To add to that, on April 12, which was Good Friday, eight clergy in Birmingham posted a statement in the Birmingham News noting that the march was “unwise and untimely.”88 They urged “our Negro community to withdraw support from these demonstrators, and to unite locally and work peacefully for a better Birmingham.” The men included the Right Reverend C.J. Carpenter, Episcopal bishop of Alabama; Reverend Joseph A. Durrick, auxiliary Roman Catholic bishop; and Rabbi Hilton Grafman of Temple Emanuel.89
From “A Group of Clergymen” published in the Birmingham News We clergymen are among those who, in January, issued “an Appeal for Law and Order and Common Sense,” in dealing with racial problems in Alabama. We expressed understanding that honest convictions in racial matters could properly be pursued in the courts, but urged that decisions of those courts should in the meantime be peacefully obeyed.
…We are now confronted by a series of demonstrations by some of our Negro citizens, directed and led in part by outsiders. We recognize the natural impatience of people who feel that their hopes are slow in being realized. But we are convinced that these demonstrations are unwise and untimely.
…Just as we formerly pointed out that “hatred and violence have no sanction in our religious and political traditions,” we also point out that such actions as incite to hatred and violence, however technically peaceful those actions may be, have not contributed to the resolution of our local problems. We do not believe that these days of new hope are days
when extreme measures are justified in Birmingham.
…We further strongly urge our own Negro community to withdraw support from these demonstrations, and to unite locally in working peacefully for a better Birmingham. When rights are consistently denied, a cause should be pressed in the courts and in negotiations among local leaders, and not in the streets.
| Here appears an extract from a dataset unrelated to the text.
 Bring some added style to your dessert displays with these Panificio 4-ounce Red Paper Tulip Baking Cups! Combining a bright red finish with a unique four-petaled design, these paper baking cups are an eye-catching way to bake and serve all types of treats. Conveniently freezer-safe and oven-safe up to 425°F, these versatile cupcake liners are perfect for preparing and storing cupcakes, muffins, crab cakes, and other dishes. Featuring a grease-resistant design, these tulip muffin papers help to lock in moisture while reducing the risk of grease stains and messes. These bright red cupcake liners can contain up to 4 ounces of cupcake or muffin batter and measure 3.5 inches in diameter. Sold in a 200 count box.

We appeal to both our white and Negro citizenry to observe the principles of law and order and common sense.90
“Martin was particularly disturbed when he read it, shaking his head and wondering how religious leaders could encourage the kind of attitude that had created a city where bombing of black houses and churches had become almost a common occurrence,” Abernathy wrote. “He brooded about the statement long after he should have dismissed it from his mind.”
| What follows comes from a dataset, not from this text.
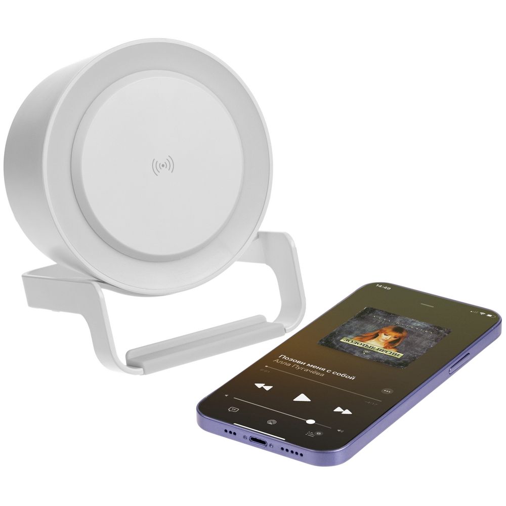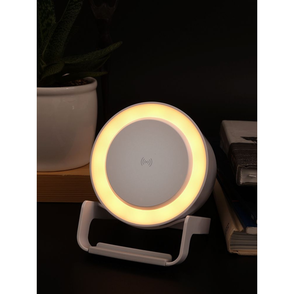 Лампа с колонкой и беспроводной зарядкой moonLight, белая

As a result, shortly after that, King’s own advisory committee also asked him not to march. “They cited the need to obey the law and their own belief that things might get out of hand, that perhaps we needed a cooling off period; that it would be improper to violate the sanctity of the Easter season by acts of disobedience that might provoke violence.”91
All twenty-five of them met in the Gaston suite to discuss the different arguments. “So we sat there in the motel suite and for a while allowed them to lecture us on the virtues of prudence and compromise,” Abernathy wrote.92
At the same time, a crowd was gathering in Sixteenth Street Baptist Church, where King’s staff was getting them ready, “taking away their guns, knives and razors and telling them that they must learn to cover their heads and never strike out, even when attacked.”93 King remembers having to decide on that Good Friday whether to walk outside the motel to march and surely be arrested.